SASE is emerging as a way to defeat cybercriminals by preventing malware from accessing the corporate network
Organized crime and criminal groups are increasing the pressure on enterprises in the form of cyberattacks. For most, the pre-eminent tool of attack comes in the form of ransomware, disrupting the critical operations of business until a ransom is paid. Some of those attacks have become epic in nature and have led to sensitive information being exposed or files being encrypted as a form of digital extortion.
Recent victims include Gedia, a German automotive parts manufacturer, and Travelex, a foreign currency exchange enterprise. Both businesses experienced disruption and claimed the attacks came from a criminal group that was behind a series of attacks using sophisticated malware that encrypts files, known as Sodinokibi or REvil. The criminal group also threatened to publish sensitive data from the car parts supplier on the internet unless a ransom was paid.
Ultimately, the criminal group involved is to blame for the crime, but both Gedia and Travelex may not have protected their systems effectively to prevent the crime from happening in the first place. It is speculated that the attack on Travelex was possible because the company failed to patch vulnerable VPN servers. This is important to note, especially since the NIST’s National Vulnerability Database has published more than 100 new CVEs (Common Vulnerabilities and Exposures) for VPNs since January 2019, indicating that there may be many unpatched VPN servers in use today. Even more troubling is that the root cause of the Gedia attack is still yet to be discovered, which means undiscovered vulnerabilities may very well be out in the wild.

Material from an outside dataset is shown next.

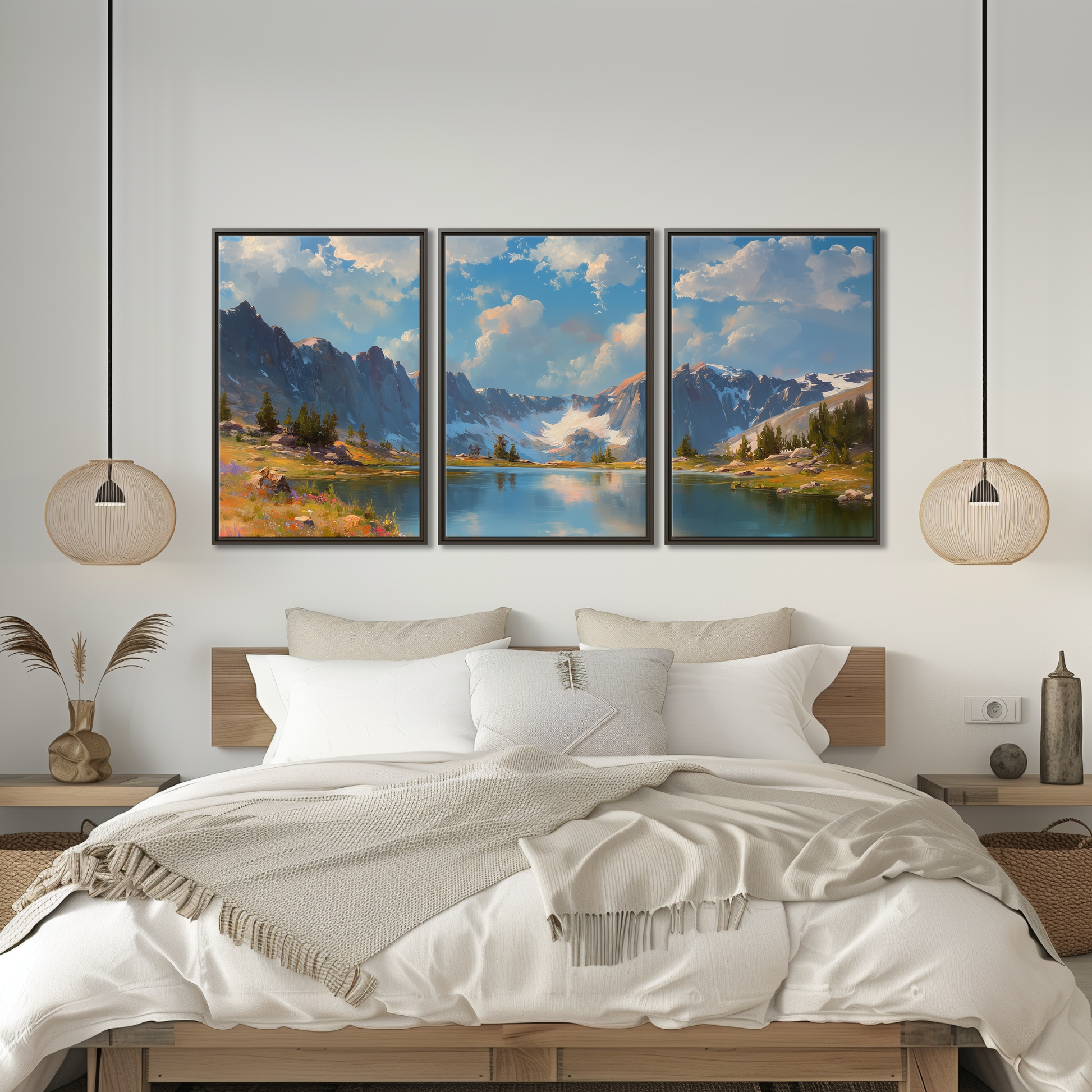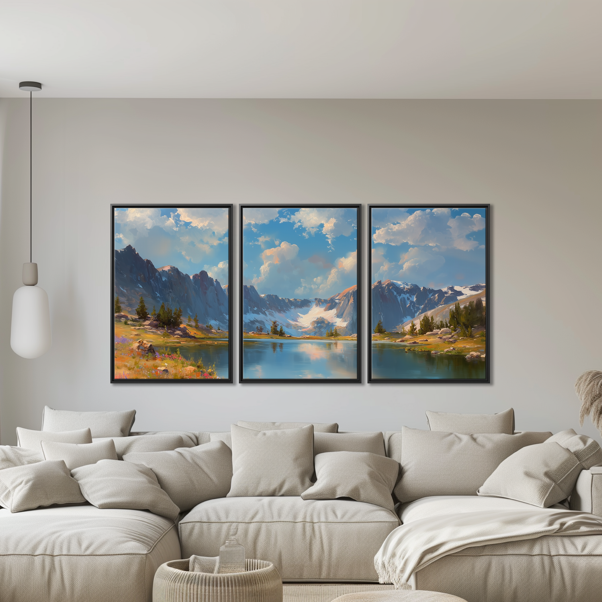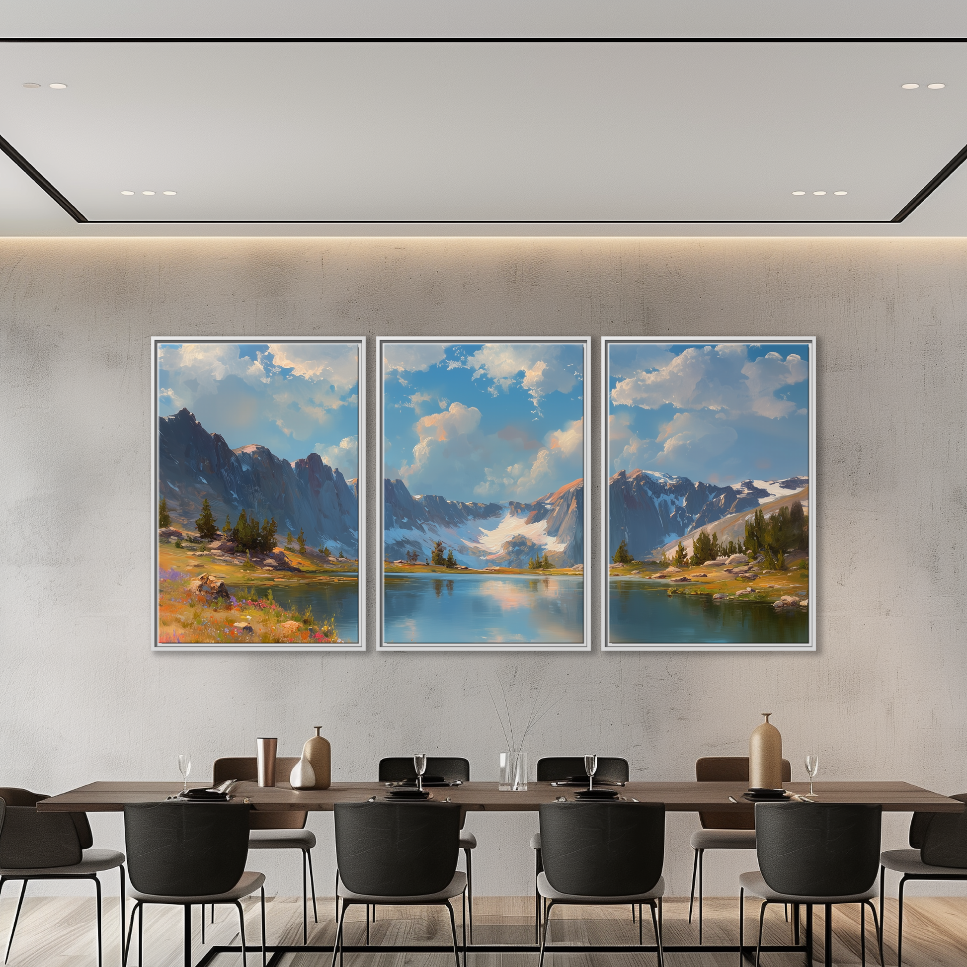 Immerse yourself in the serene beauty of the Snowy Range with this exquisite canvas wall art, capturing the essence of Wyoming landscape in stunning detail. Inspired by the Medicine Bow Alpine wilderness, this piece brings to life a tranquil mountain lake surrounded by jagged granite cliffs and vibrant wildflower meadows. Perfect for those who cherish glacier carved land and seek a nature gift idea that evokes peaceful reflections and alpine splendor.

Both attacks make it obvious how vulnerable today’s businesses are when connected to the public internet. What’s more, poor cybersecurity hygiene increases the vulnerabilities and makes large organizations tempting targets for criminal enterprises using cyberattacks. The real question becomes, What can be done to prevent such attacks?

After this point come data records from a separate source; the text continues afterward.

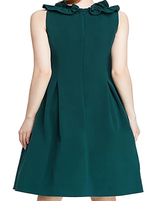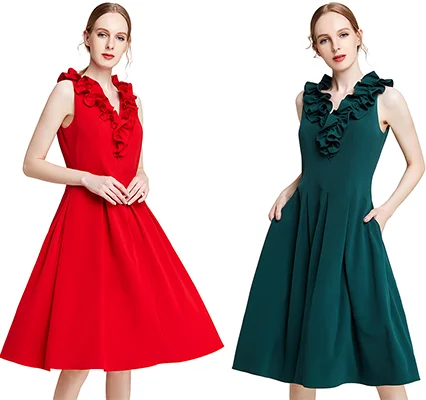 V Neck,Ruched Ruffle Along Neck, Inverted Pleats For Slim Waistline,Front /Back Princess Seams,Fitted Bodice,Retro Classic Cut.Fashion & Casual,Slim & Tall,Beautiful And Tasteful,Elegant And Gentle,Simple And Elegant
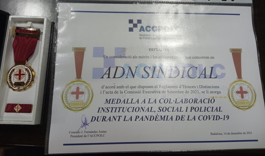 Este 14 de diciembre la ACCPOLC – Asociació de Caps i Comandaments de la Policia Local de Catalunya, ha otorgado a ADN Sindical de Seguridad y Servicios de Cataluña la “Medalla a la Col.laboració Institucional, Social i Policial durant la Pandemia del COVID-19” del personal de Seguridad Privada. Nuestro Asesor General, Sergio Sánchez recibió la condecoración en nombre de nuestro sindicato de manos del Alcalde de Parets D. Francesc Juzgado y en presencia del Subdelegado del Gobierno en Barcelona D. Carlos Prieto, del Secretario General del Departament d’Interior de la Generalitat de Catalunya D. Oriol Amorós, el Alcalde de Badalona D. Rubén Guijarro y diversos mandos policiales representantes de accpolc y otras autoridades.
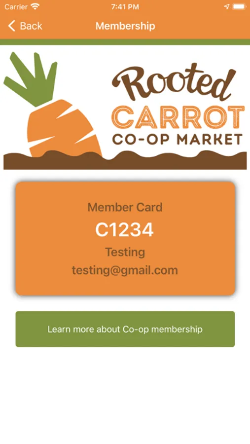 - Never lose your Rooted Carrot Co-Op Membership card with our paperless card stored on the app.
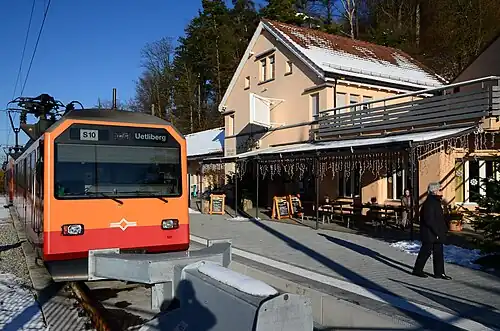 Uetliberg railway station, situated near the summit of Uetliberg mountain, the Hausberg of the city of Zurich in Switzerland, is the upper terminus of the Uetliberg line of the Sihltal Zürich Uetliberg Bahn (SZU), within fare zone 155 of the Zürcher Verkehrsverbund (ZVV).[2] The railway station is located within the municipality of Stallikon, although the adjacent mountain-top is divided between Stallikon and the city of Zurich.[3][4][5]

One answer may be found in an emerging technology known as secure access service edge (SASE), a cloud-based solution built on SD-WAN technology and may become one of the predominant ways to defeat cybercriminals. SASE is a term coined by research firm Gartner and is attributed as a transformational technology.
“Most ransomware enters a network after a phishing attack or by a user downloading software from an embedded link,” said Avidan Avraham, security research team leader at Cato Networks, an organization that Gartner names as a “sample vendor” in its report on the SASE category.

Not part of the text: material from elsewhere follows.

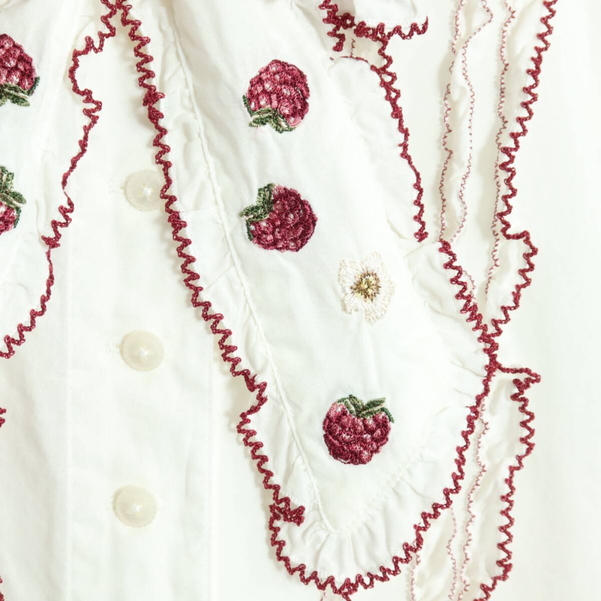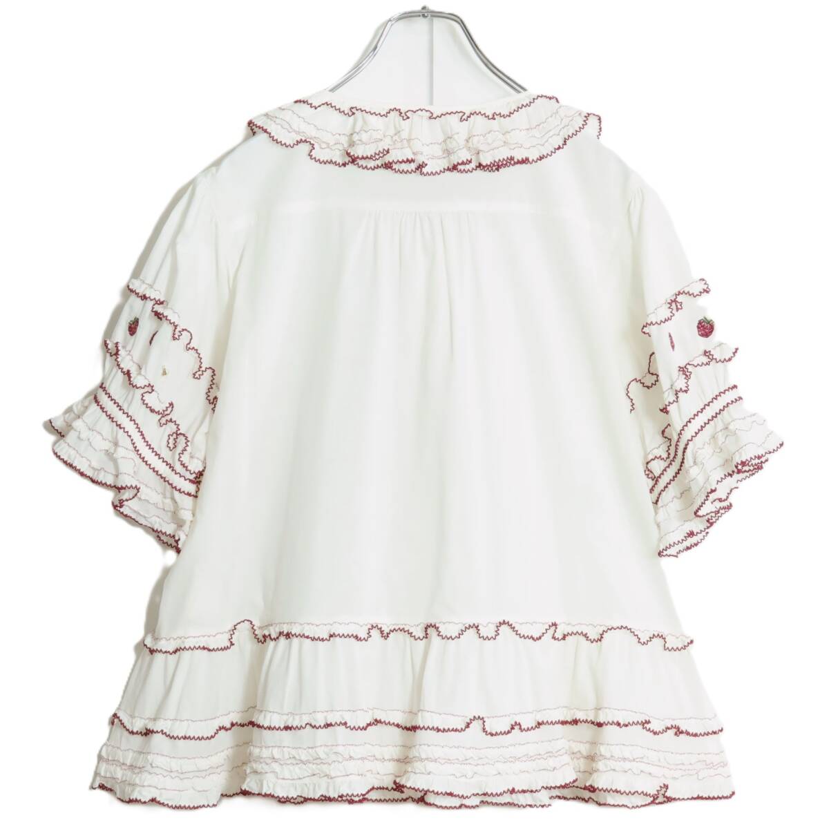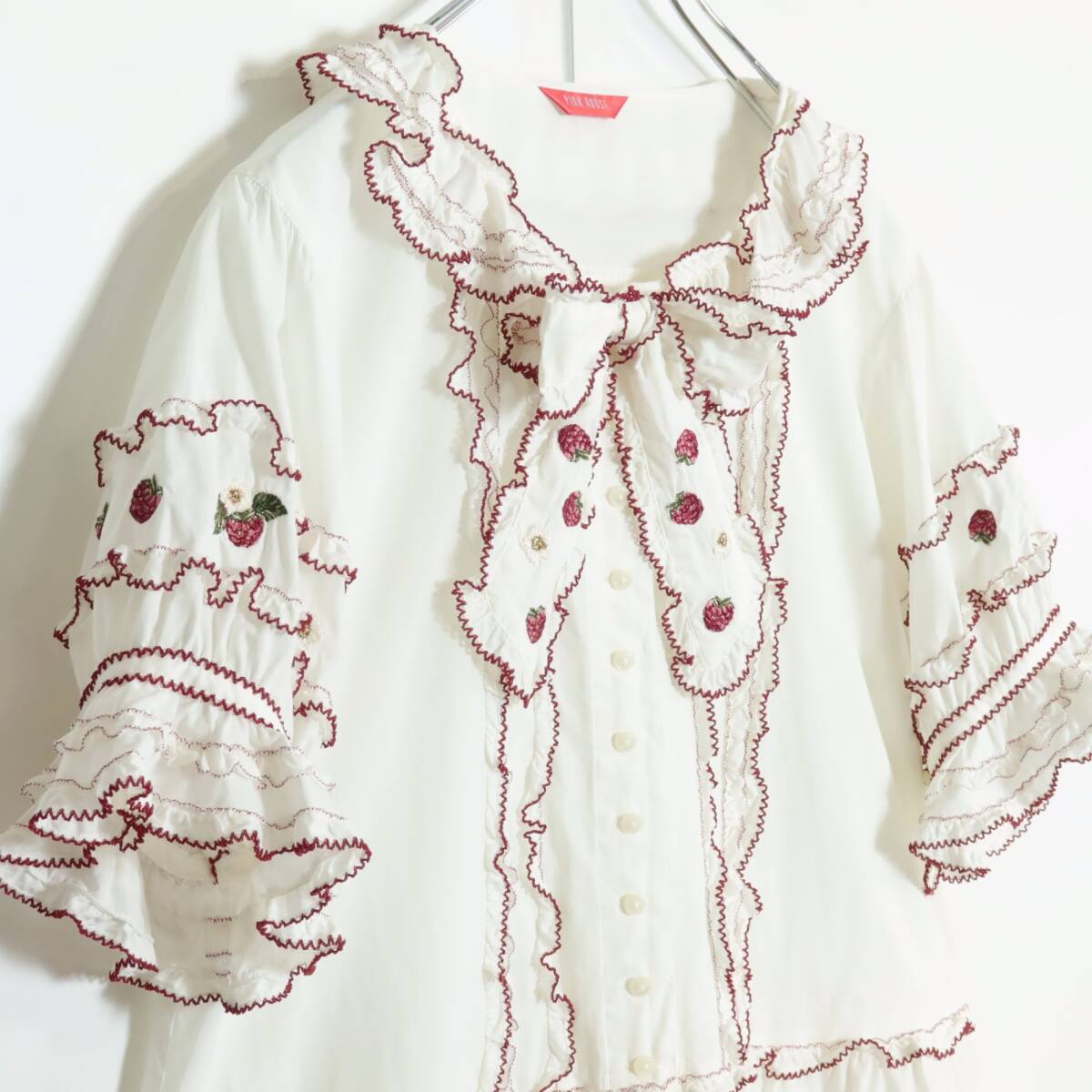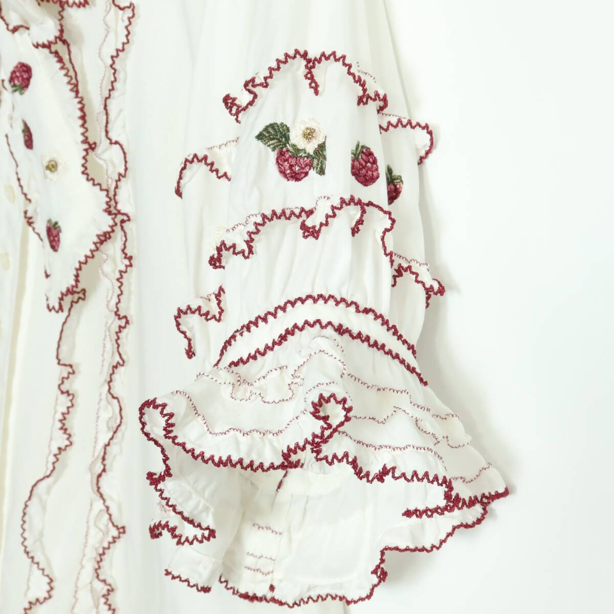 商品説明 | 【実寸約】肩幅41袖丈28バスト94着丈61(cm) 【サイズ表記】 なし。実寸をご参照くださいませ。 【素材】 綿100% 【状態】使用感少なめの美品 【デザイン】白系 2021年夏カタログ モデル着用ページ掲載のお品物です。 ラズベリーの刺繍が大人可愛い半袖ブラウスです。 ティアードデザインのふんわりフォルム♪ 赤いピコレースで縁取りされた段々フリルもキュート♪ フロントは上から下までボタンで開くデザイン。 これ一枚でもレイヤードでもロマンティックコーデに大活躍するアイテムです。 |

“Ultimately, the attack occurs because a piece of malware was able to enter the network,” Avraham added. He makes a good point: Ransomware is only able to impact an organization if the malicious code has been placed on the network and executed. Eliminate the ability for malicious code to enter the network and ransomware and other threats can be defeated.
Of course, detecting malicious code and blocking known malware sites are only part of the security solution. Avraham also explained that infrastructure and network connectivity must be further protected to eliminate the potential for malware to infect a network.
Cato Networks isn’t the only name in the SASE game. Barracuda Networks, Zscaler, Forcepoint and BitGlass are aggressively promoting SASE as well.
SASE brings forth a different approach than traditional wide area networking solutions. SASE is built on SD-WAN and creates a secure environment that runs over the public internet. SASE fully encrypts all traffic and collapses the networking and security stack into an easily managed, unified offering, which then allows enterprises to connect over private backbones, with all traffic evaluated for cybersecurity issues. “By blocking malicious software, traffic, and lateral attacks, SASE makes it impossible for attackers to insert malicious code into a SASE-protected network,” said Avraham.